Daily News Brief March 27, 2014 |
Top of the Agenda
Obama Urges Europe to ‘Step Up’ Security Commitments
U.S. president Barack Obama urged a tighter bond with European allies in a speech in Brussels on Wednesday,
discussing Russia's annexation of Crimea with allusions to the broad
sweep of the continent's twentieth-century history: both the violence
wrought by industrial technology and nationalism in the two world wars,
and also the security architecture and democratic values embodied by
NATO and the European Union that emerged in their aftermath (WSJ). After meeting with EU leaders and the NATO secretary-general earlier Wednesday, Obama expressed concern about reduced defense spending, calling on European allies to "chip in" for mutual defense (Boston Globe). Meanwhile, the International Monetary Fund announced a rescue package to stabilize Ukraine's government worth up to $18 billion (FT).
Analysis
"For
some frustrated with the complexity of the post-Cold War world,
redividing the globe along an East-West axis would be comforting. … It would become a self-fulfilling prophecy
that strengthens autocracy in Russia and increases the likelihood of
Russia reverting to what the West considers a rogue state. Other nations
that have reason to resent what they see as an imposition of Western
values would view Moscow as a leader of an independent coalition of
states dedicated to protecting national sovereignty. It will be the
world Putin wants," writes Ann-Marie Slaughter in the Washington Post.

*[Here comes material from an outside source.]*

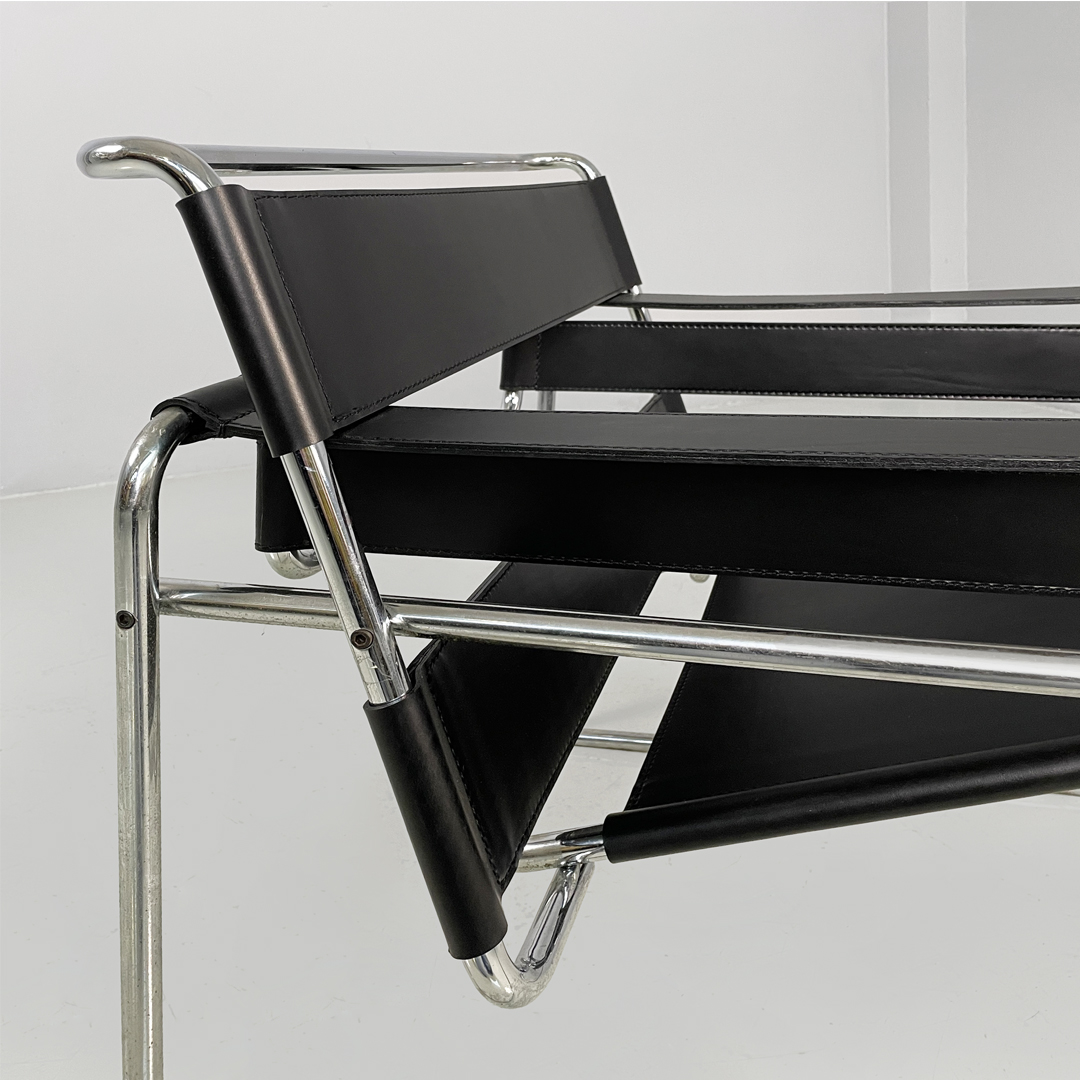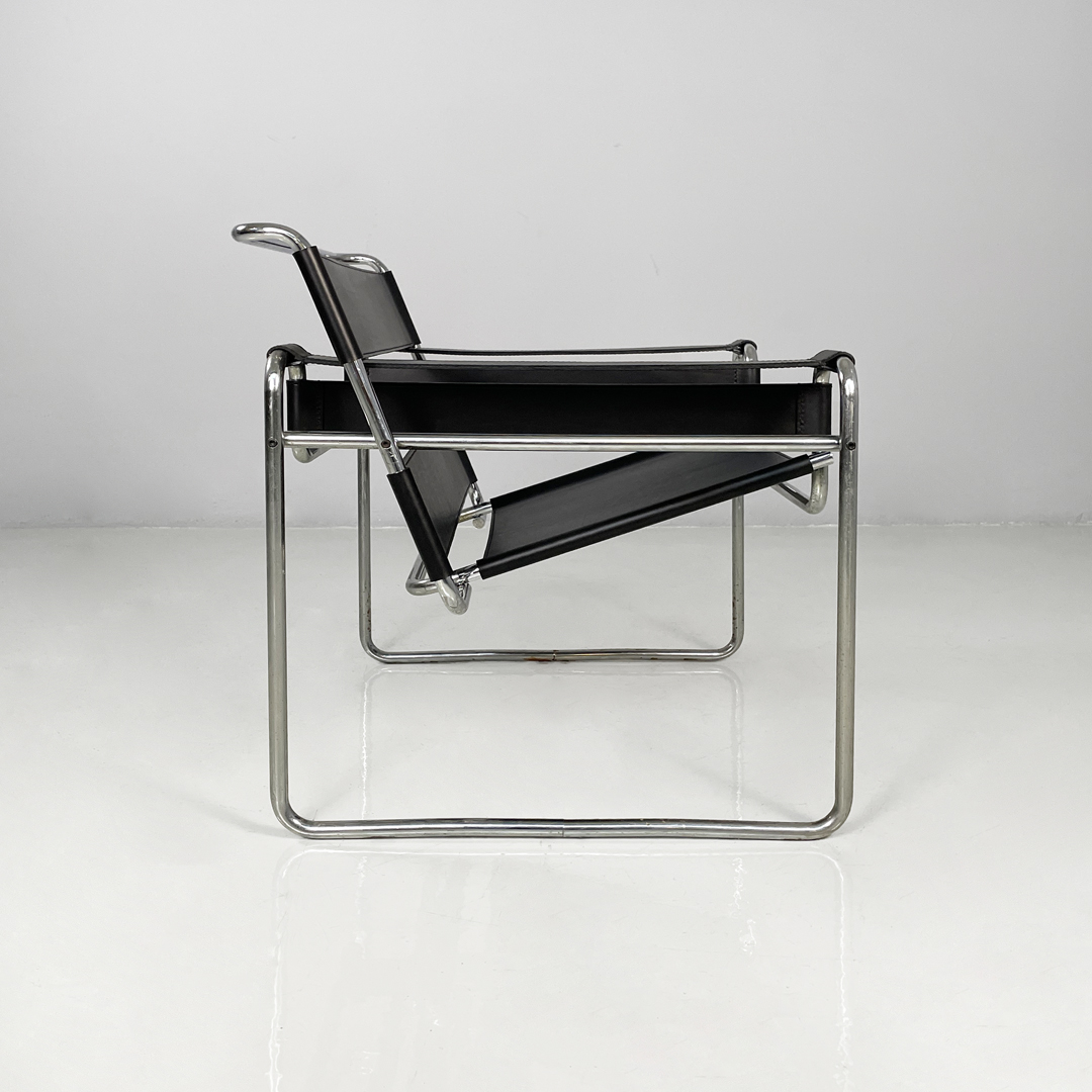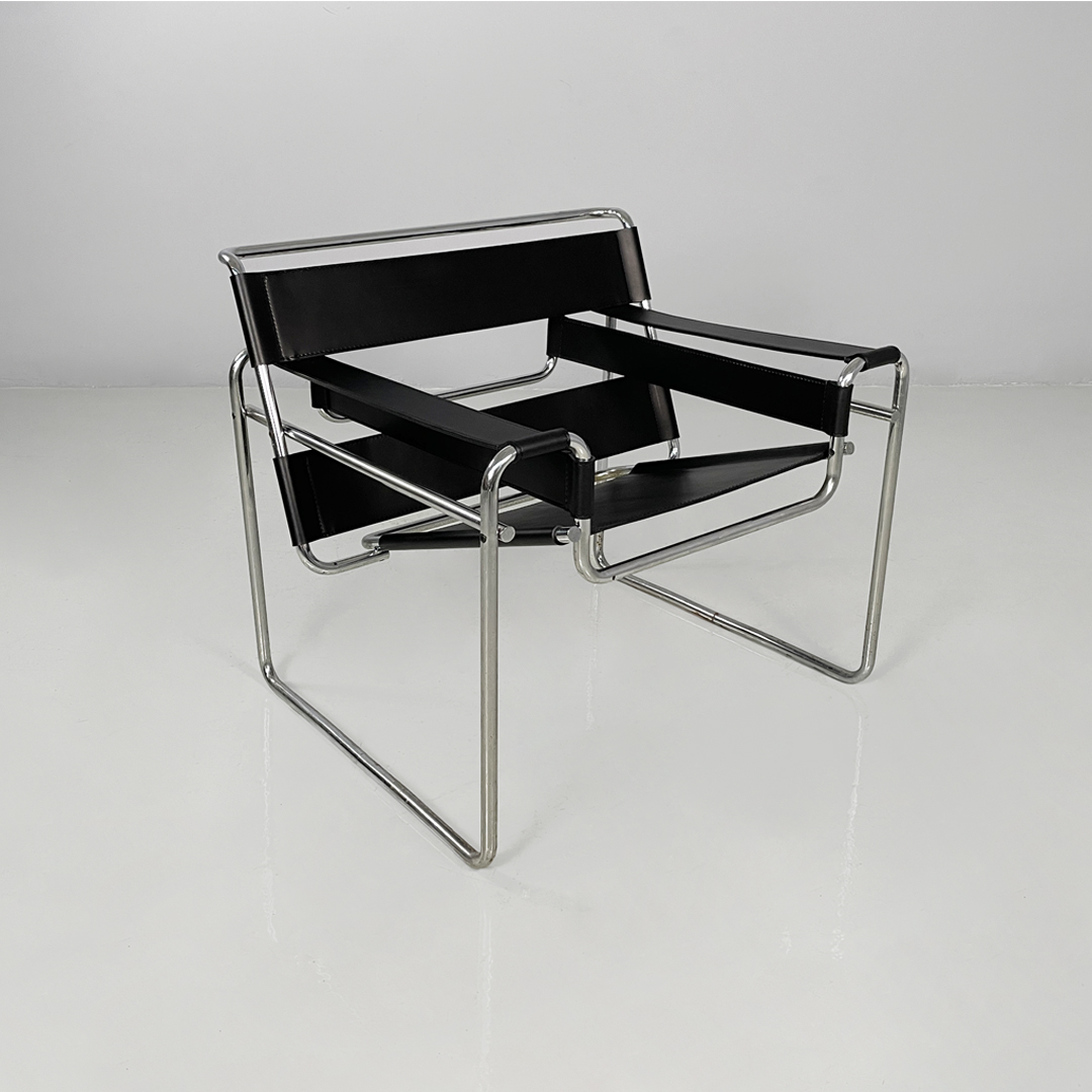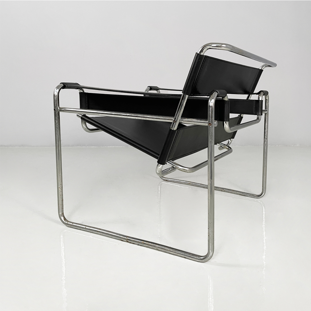 Poltrona modello Wassily o B3 in pelle nera. Lo schienale, i braccioli e la seduta sono a fasce interamente in cuoio con cuciture a vista. La struttura è in tubolare di acciaio cromato.

"The Obama administration should focus on supporting Kiev rather than punishing Moscow.
That means using its leverage with Europe to ensure that this support
sticks, and that Ukraine's new government does nothing to provoke an
extreme response. This will require an acknowledgment of Russia's core
interests and America's limitations — and an end to empty threats,"
writes Ian Bremmer in the New York Times.
"With
European fears of Russian revanchism growing, the United States needs
to demonstrate unequivocally the strength of its commitment to Europe.
The TTIP, which several weeks ago looked like a detailed, bureaucratic
negotiation over tariffs and regulatory rules with the promise of modest
economic pay-offs, has now become a test of the transatlantic partnership," writes CFR's Edward Alden.